China announced it will be flooding its financial system with liquidity, lowering interest rates and bank reserve requirements.
The takeover bid refers to the agreement for Schlumberger, the world's largest oil-field services company, to buy its smaller competitor Cameron International for $12.71 billion.
"Schlumberger is the smartest company in the oil patch, and they're making an acquisition that's very positive, because we have been waiting for consolidation there," Cramer said.
So when should investors jump into stocks? "I just prefer to buy some point intraday where the futures aren't totally in control," Cramer said.
On the private side of the equity market, start-up technology companies have been all the rage over the past few years, with 115 of them now valued at $1 billion or more, according to The Wall Street Journal.

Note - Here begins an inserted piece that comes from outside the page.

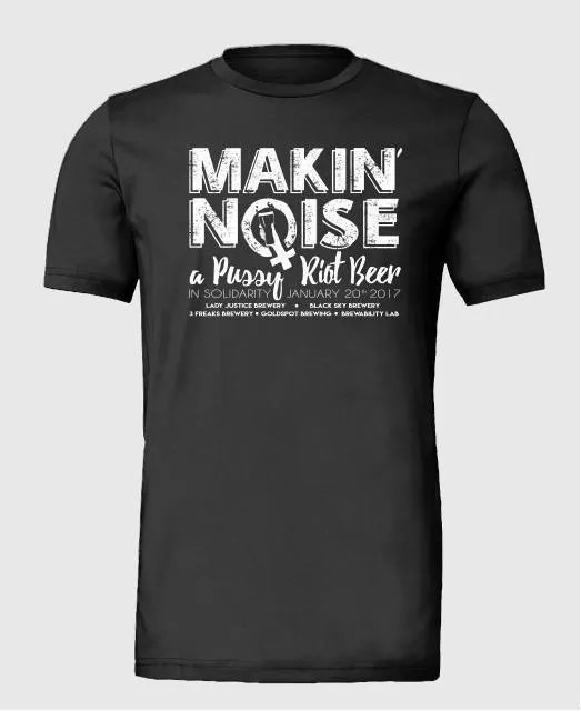 In Denver, part of that protest took the shape of beer. In late December and early January, five Colorado breweries – Goldspot, Black Sky, 3 Freaks, Lady Justice and Brewability Lab – joined forces with women from at least a dozen other breweries to create five versions of Makin’ Noise: A Pussy Riot Beer, an imperial saison that was then tapped at five locations on January 20, Inauguration Day.

Those companies, backed by venture-capital funds, are known as "unicorns," named after the mythical horned beast. But now these beasts may be losing their horns. The plunging stock market puts them at risk. The S&P 500 index has dropped 11 percent from its May 20 record high.
Venky Ganesan, a managing director at Menlo Ventures, told The New York Times that start-ups have been spending money like drunken sailors recently. "There is already a chill in the latestage funding market," he said.
Start-ups have turned to mutual funds to finance much of their cash needs. “If you see down rounds and mutual funds report losses on private companies, then things will spiral downward very fast,” he said. “Like in ‘Game of Thrones,’ winter is coming.”
So individual investors may have the last laugh, watching bigger investors lose their money on some of these unicorns.